HSE seeks extra funding after summer spike in people on trolleys

Rise in overcrowding blamed on increase in admissions of older patients

New figures showed the highest ever level of trolley overcrowding for the month of August. Photograph: Pierre Andrieu/AFP/Getty Images

New figures showed the highest ever level of trolley overcrowding for the month of August. Photograph: Pierre Andrieu/AFP/Getty Images

 

The Health Service Executive says it is looking for extra resources for the winter from the Department of Health, after new figures showed the highest ever level of trolley overcrowding for the month of August.

There were 404 patients waiting for admission to hospital on trolleys or in wards on Tuesday morning, according to the daily Trolley Watch count by the Irish Nurses and Midwives Organisation (INMO).

The figure is particularly high for a summer month, and compares with 260 on the equivalent day last year. The total included 283 in trolleys and 121 in wards, with a majority of patients waiting in hospitals outside Dublin.

University Hospital Galway had the worst overcrowding, with 44 patients waiting for admission, followed by University Hospital Limerick (36) and University Hospital Cork (34).

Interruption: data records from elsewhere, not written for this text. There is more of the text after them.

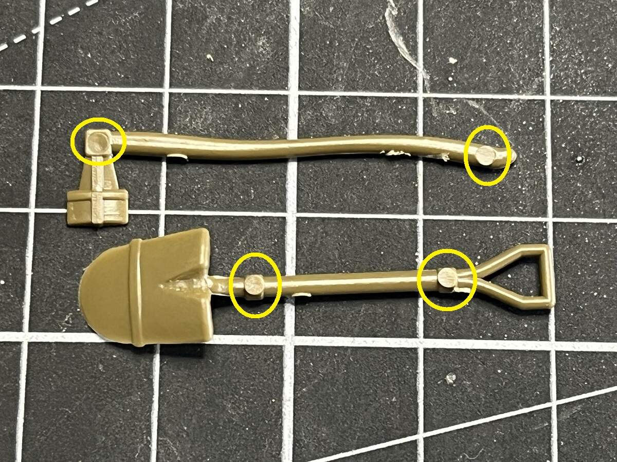Why Italeri, why? We have a couple of tools to be fitted to the outside of the body, and they have a nicely detailed visible side. Why would you go and plant your dirty great ejector pins right on top of that detail? Why not put them on the inside face of these tools where they will never be seen?
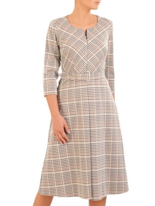 Bawełniana sukienka w kratkę, kreacja z zamkiem na dekolcie 30534
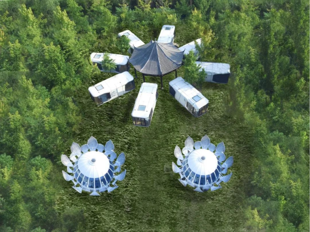 ——依托帐篷、房车等打造的集吃、住、玩于一体的梦境露营地和烧烤基地;穿梭于林间作业道路的森系卡丁车;太空舱、复兴号特色民宿;VR体验馆;
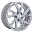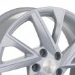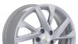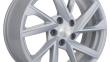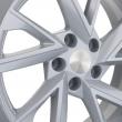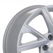 - Красивое дизайнерское исполнение. Рисунок сформирован из десяти умеренно широких опорных элементов, которые собраны попарно, причем в каждой паре один элемент является прямым, а второй в нижней части имеет асимметричное утолщение. Такой дизайн придает колесам элегантность, а дополнительными декоративными элементами являются круглая центральная вставка с фирменной эмблемой, а также серебристое лакокрасочное покрытие.
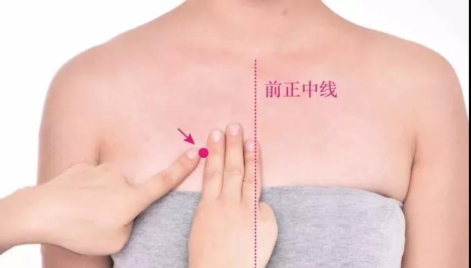取仰卧位,在平乳头的肋间隙(第4肋间隙),再向上数2个椎体(第2肋间隙),于胸骨中线与锁骨中线连线的中点处,按压有明显的酸胀感。
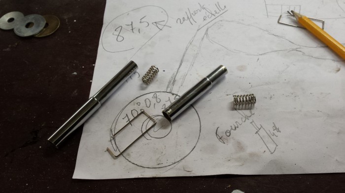 les fourches fonctionnent elles sont faite avec des antennes de radio un ressort a l'intérieur et le tour et joué , pour l'huile on verra plus tard , j'utilise beaucoup du circuit imprimé d'électronique pour différente pièce , car très facile de découpage ajustage et surtout soudure .TOUTE LA MAQUETTE EST SOUDER A L'ETAIN ;
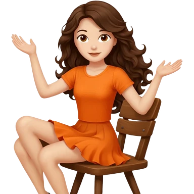 Twirling around a chair Long dark wavy hair women in orange top emoji
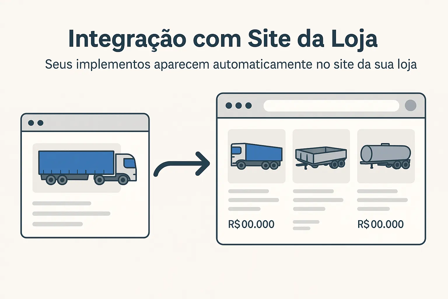 Quando você cadastra um implemento no integrador, ele aparece automaticamente no site da sua loja. Mantenha seu site sempre atualizado com seu estoque real.
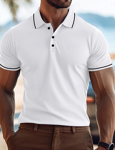 Miesten Golfpaita Golf poolopaidat Työ Kausaliteetti Kauluskäänne Lyhythihainen Perus Moderni Tavallinen Napit Jakardi Kesä Kevät Normaali Musta Valkoinen Laivaston sininen Khaki Harmaa Vaalean
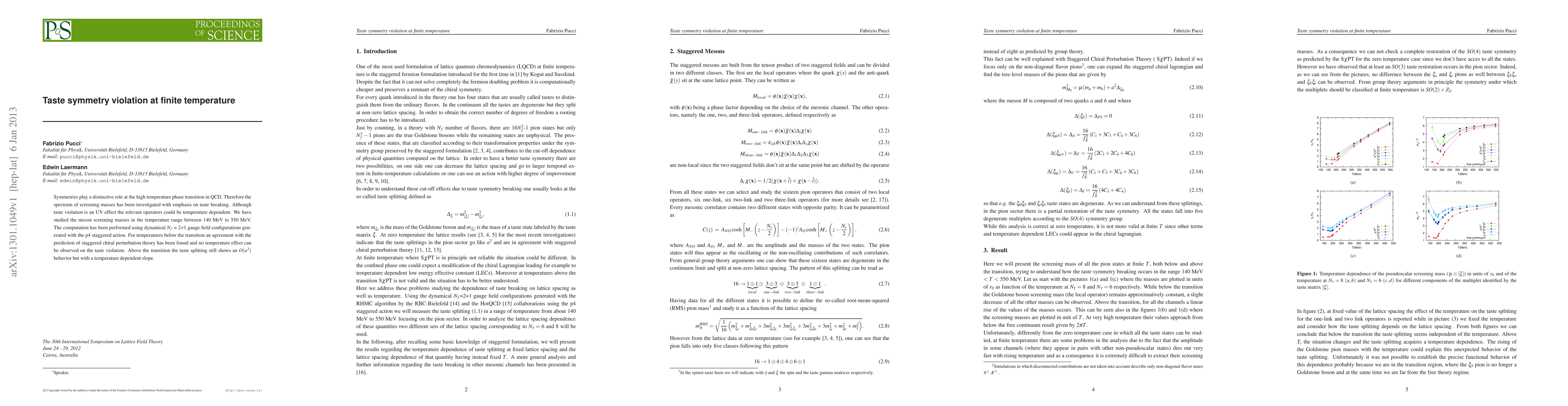 Symmetries play a distinctive role at the high temperature phase transition in QCD. Therefore the spectrum of screening masses has been investigated with emphasis on taste breaking. Although taste violation is an UV effect the relevant operators could be temperature dependent. We have studied the meson screening masses in the temperature range between 140 MeV to 550 MeV. The computation has been performed using dynamical N_f = 2+1 gauge field configurations generated with the p4 staggered action. For temperatures below the transition an agreement with the prediction of staggered chiral perturbation theory has been found and no temperature effect can be observed on the taste violation. Above the transition the taste splitting still shows an O(a^2) behavior but with a temperature dependent slope.
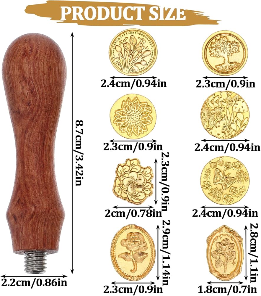 • [Packaging Overview] The wax seal stamp set contains 1 elegant wooden handle and 8 wax seal stamps. The diameter of the round wax stamp is about 2.4 cm/0.94 inches. The sizes of the other three flower wax stamps are: 2.9x2.3cm/1.1x0.9inch, 2.3x2cm/0.9x0.8inch, 2.8cmx1.8/1.1x0.7inch,the size of handle is 8.7*2.2cm/3.4x0.8inch
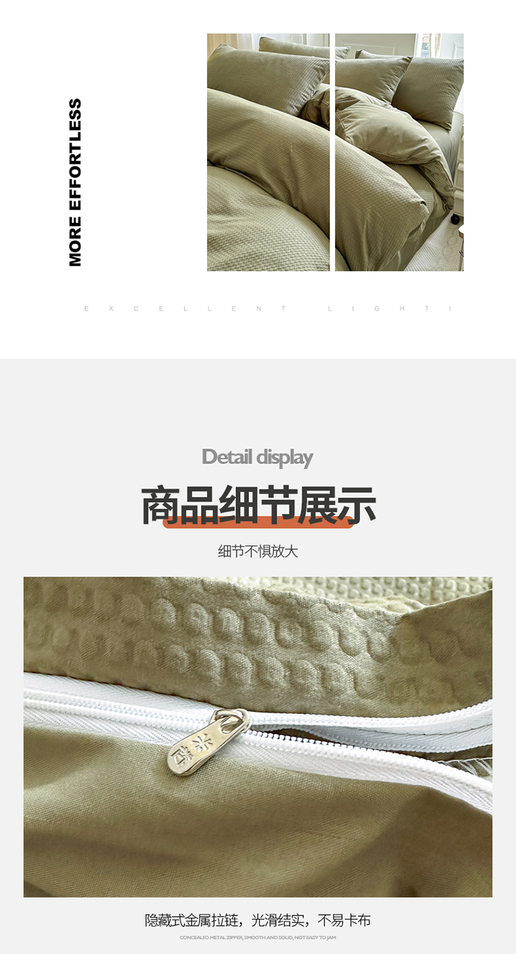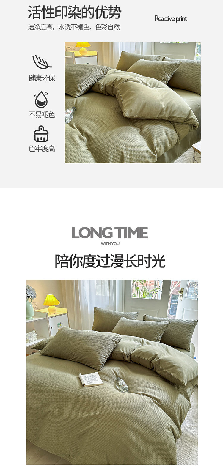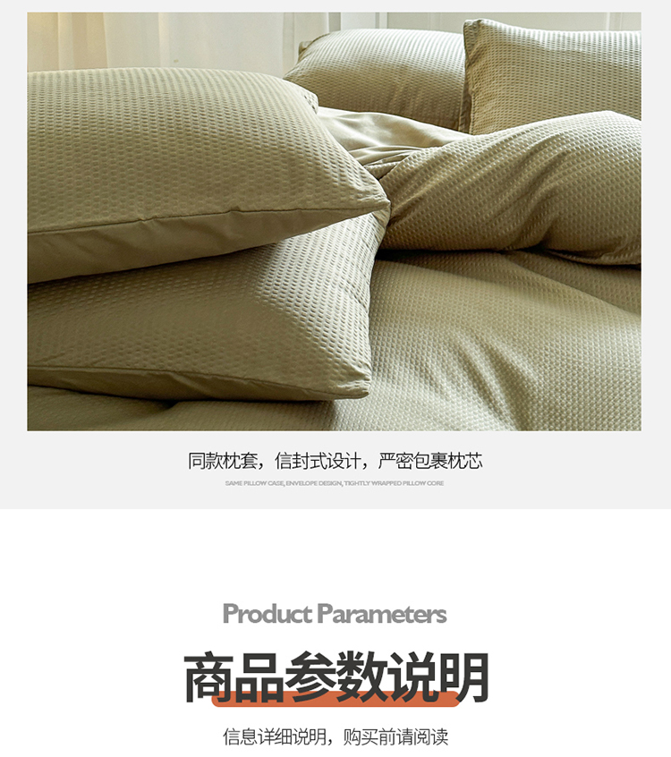 商品名称:米粒家纺 2023新款AB版华夫格四件套 琉璃绿
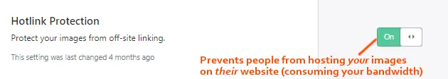 禁用热链可以防止人们复制/粘贴你的图片到他们的网站。如果他们这样做,图片仍然会被托管在你的服务器上,并消耗你的带宽。WP Rocket(禁用嵌入)、Cloudflare和许多主机都有禁用图像热链接的选项。

Explaining the overcrowding, the HSE pointed to a 2 per cent rise in emergency attendances so far this year, and a 3 per cent rise in admissions. Among patients aged 75 years and over, attendances are up 12 per cent and admissions 11 per cent.

Some hospitals have seen their attendances increase by more than 30 per cent and their admissions rise by more than 50 per cent, according to a spokeswoman. “Some sites are continuing to experiencing these pressures during August.”

Winter planning

Winter planning was currently taking place and hospital groups were working to finalise their plans over the next four weeks, she said. “Discussions are continuing with the Department of Health regarding potential additional resources to mitigate the normal surge of presentations during the winter period.”

The INMO said the severe overcrowding was further compounded by poor staffing levels because of the recruitment and retention crisis in the health service.

In the first seven months of the year, more than 57,000 patients were left on trolleys because no bed was available to them, the union said.

Workloads, demands for services and staffing levels were also “extremely problematic” in community services, care for the elderly and intellectual disability, it added.

“The INMO will be raising these latest shocking figures, and the patient care issues which arise as a direct result, at the next meeting of the Emergency Department Taskforce next month. At this meeting we will seek additional funding, to recruit extra staff, to allow for the opening of extra beds.”